Source: Quirós (1998).
n.s. = non-significant
V_tot = Standing volume according to Keogh's formula (1980), V_tot = 0.0359 + 0.000022 D_g² * H_med * N;
V ₁₀ = Useful volume up to a minimum diameter of 10 cm without bark.

Table 8. Expected teak growth and yield per hectare in a high quality site with minimal management in Costa Rica

Age (years)	Trees (n/ha)	Harvested trees (n/ha)	Diameter (cm)	Commercial Height ^a (m)	Commercial Volume (m³/ha^b)
1	1 300
4	700	600	12.0
8	400	200	20.8	11.0	48.59
15	200	200	31.3	14.0	140.04
20	---	200	37.3	14.0	198.87
Total gross volume					387.50

Source: Picado (1997)
^a: Commercial height up to a diameter of 10 cm with bark;
^b: Gross commercial volume = (dbh/100)² * 0.7854 * Commercial Height *ff; where: ff = estimated form factor of 0.65.

Picado (1997) proposed a plantation management structure and possible yields to be obtained in Costa Rica. According to his projections, after 20 years, the MAI commercial volume will be 19.4 m³/ha/year (Table 8). Therefore, the structure can be considered representative of the average teak production conditions in the country.

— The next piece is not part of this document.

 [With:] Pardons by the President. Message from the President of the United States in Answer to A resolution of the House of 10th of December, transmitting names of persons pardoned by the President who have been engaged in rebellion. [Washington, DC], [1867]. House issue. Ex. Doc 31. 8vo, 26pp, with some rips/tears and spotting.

Zambrana (1998) reported preliminary data for young plantations from El Salvador, 214 m³/ha of commercial log volume (8 cm top diameter) for 25 rotation age. Table 9 shows the proposed thinning plan and commercial volume yields.

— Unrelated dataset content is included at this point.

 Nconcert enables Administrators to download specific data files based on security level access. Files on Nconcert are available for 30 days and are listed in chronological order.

Table 9. Preliminary yields estimates for teak in El Salvador

Parameters after thinning						Thinning			Total
Age (years)	No. of (trees/ha)	Aver. Height (m)	Dbh (cm)	Basal Area (m²/ha)	Vol. (m³/ha)	No. of trees/ha	Average Dbh (cm)	Vol (m³/ha) diameter >8 cm	Basal Area (m²/ha)	Vol (m³/ha) >8 cm
0	2200	-	-	-	-	-	-	-	-	-
4	1000	8	10	8	13	1200	6	9	11	22
10	500	15	17	12	50	500	14	30	23	89
17	300	18	24	13	85	200	20	35	33	159
25	190	20	30	14	100	190	27	40	40	214

Source: Zambrana (1998)

3.2 Plantation management system

To produce timber for sawmills, Picado (1997) recommends planting 1,000 - 1,600 trees/ha. In Costa Rica, in a high quality site, the first thinning must be performed between the third and fourth year. About 40 -50% of the total tree number has to be removed. Generally, this thinning does not yield any commercial timber, but it is necessary to eliminate competing, malformed, sick or damaged trees.

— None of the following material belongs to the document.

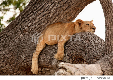 Lion cub sleeping in tree, Selous National Park, Tanzania, Africa

Until now, Costa Rica’s teak plantations management has been "poor and inadequate". Poor because the owners do not wish "to lose" 400 to 500 trees, that represented an investment during first three to four years, and inadequate because they don’t have enough technical knowledge. The result damages the plantation productive potential, reduces the size of the logs and limits the timber supply of better quality logs in the short term.

Martínez et al (1994) indicate that 62 % of the forest plantations of small and medium size farmers, with economic support from the State and technical direction from organizations of forest producers, showed management problems (lack of pruning and thinning).

Table 10 presents examples of estimated teak rotation, based on diameter increments values of 1.5 and 2 cm/year. For a 20 years rotation, average diameter at the final cut will be 30 - 40 cm. For a 25 years rotation, average diameter will vary between 37.5 and 50.0 cm. However, it is important to clarify that it is tantamount a good site selection and timely management to reach the maximum productive potential of the site.

When the diameter increment is equal or bigger than 2 cm/year, the convenient rotation is 20 years, with trees of an average of 40 cm (dbh). Financial analysis shows that rotations of more than 25 years presented IRRs lower than 12%.

Table 10. Estimated rotation age for teak plantations in Central America

Project	Country	Rotation (years)
Bosques de Puerto Carrillo ¹	Costa Rica	25
MACORI ²	Costa Rica	25
Flor y Fauna ³	Costa Rica	20
General ⁴	Guatemala	20
General ⁵	Panama	20
General ⁶	El Salvador	25

Source: ¹ Quirós (1998), ² Víquez (1998), ³Camacho (1998), ⁴ Becker (1998), ⁵ Morán (1998) and ⁶Zambrana (1998), June, 1998.

The University of Wageningen is developing yield tables for three productivity index in the Dry Pacific and Atlantic Zone of Costa Rica (de Vriend 1998, unpublished thesis).